# [What you will do]
Starting from the line with "Перед вами настоящая" and going up to and including the line with "MID CENTURY TEAK", copy the listing below exactly. Leave all images out.

# [Data for analysis]
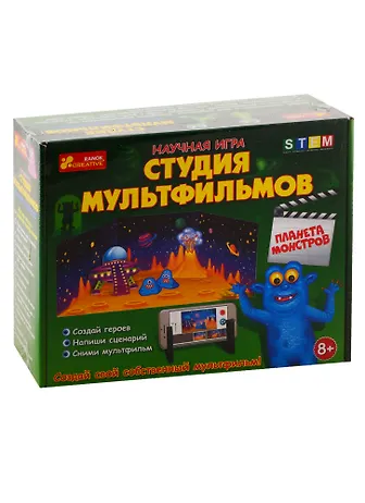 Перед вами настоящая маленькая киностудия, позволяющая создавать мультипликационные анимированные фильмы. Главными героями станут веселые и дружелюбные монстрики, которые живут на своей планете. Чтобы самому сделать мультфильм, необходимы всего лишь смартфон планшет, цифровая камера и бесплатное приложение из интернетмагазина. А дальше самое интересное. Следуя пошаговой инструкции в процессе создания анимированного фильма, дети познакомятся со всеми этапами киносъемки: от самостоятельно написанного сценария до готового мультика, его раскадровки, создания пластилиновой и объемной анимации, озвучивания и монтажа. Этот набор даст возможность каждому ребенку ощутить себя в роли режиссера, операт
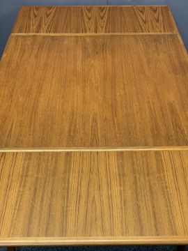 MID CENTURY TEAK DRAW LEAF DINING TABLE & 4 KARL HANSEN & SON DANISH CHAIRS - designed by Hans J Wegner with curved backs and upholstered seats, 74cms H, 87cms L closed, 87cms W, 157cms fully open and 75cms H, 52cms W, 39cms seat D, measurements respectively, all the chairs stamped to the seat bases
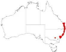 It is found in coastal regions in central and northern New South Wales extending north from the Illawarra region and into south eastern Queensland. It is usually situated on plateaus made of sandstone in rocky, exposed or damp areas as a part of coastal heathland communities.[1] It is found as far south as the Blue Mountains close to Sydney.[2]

--

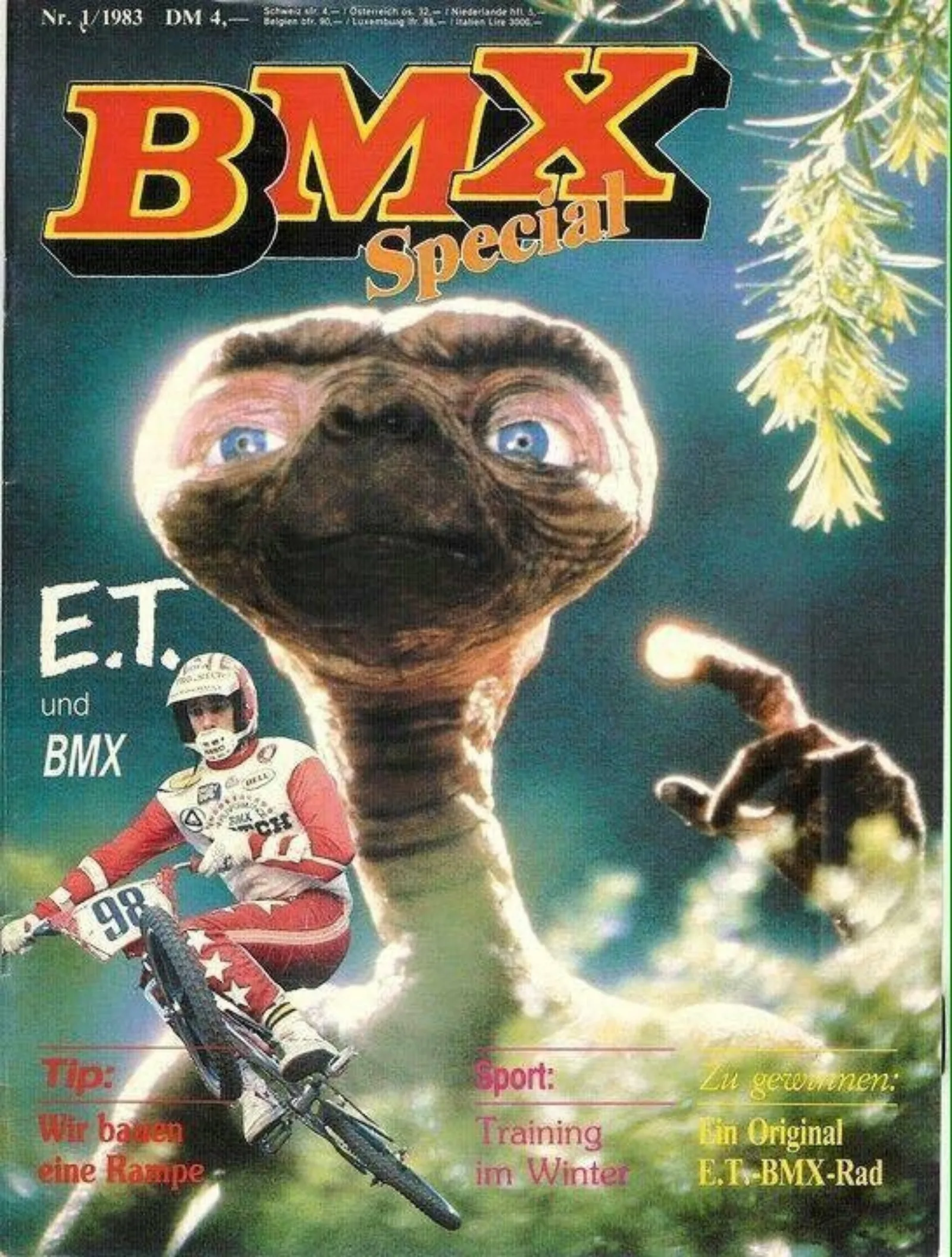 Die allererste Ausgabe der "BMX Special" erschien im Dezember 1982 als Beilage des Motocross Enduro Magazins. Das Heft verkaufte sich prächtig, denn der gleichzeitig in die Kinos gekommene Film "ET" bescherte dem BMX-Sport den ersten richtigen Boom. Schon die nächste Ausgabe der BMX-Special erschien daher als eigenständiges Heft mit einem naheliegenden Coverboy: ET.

# [Output of the task]
 Перед вами настоящая маленькая киностудия, позволяющая создавать мультипликационные анимированные фильмы. Главными героями станут веселые и дружелюбные монстрики, которые живут на своей планете. Чтобы самому сделать мультфильм, необходимы всего лишь смартфон планшет, цифровая камера и бесплатное приложение из интернетмагазина. А дальше самое интересное. Следуя пошаговой инструкции в процессе создания анимированного фильма, дети познакомятся со всеми этапами киносъемки: от самостоятельно написанного сценария до готового мультика, его раскадровки, создания пластилиновой и объемной анимации, озвучивания и монтажа. Этот набор даст возможность каждому ребенку ощутить себя в роли режиссера, операт
 MID CENTURY TEAK DRAW LEAF DINING TABLE & 4 KARL HANSEN & SON DANISH CHAIRS - designed by Hans J Wegner with curved backs and upholstered seats, 74cms H, 87cms L closed, 87cms W, 157cms fully open and 75cms H, 52cms W, 39cms seat D, measurements respectively, all the chairs stamped to the seat bases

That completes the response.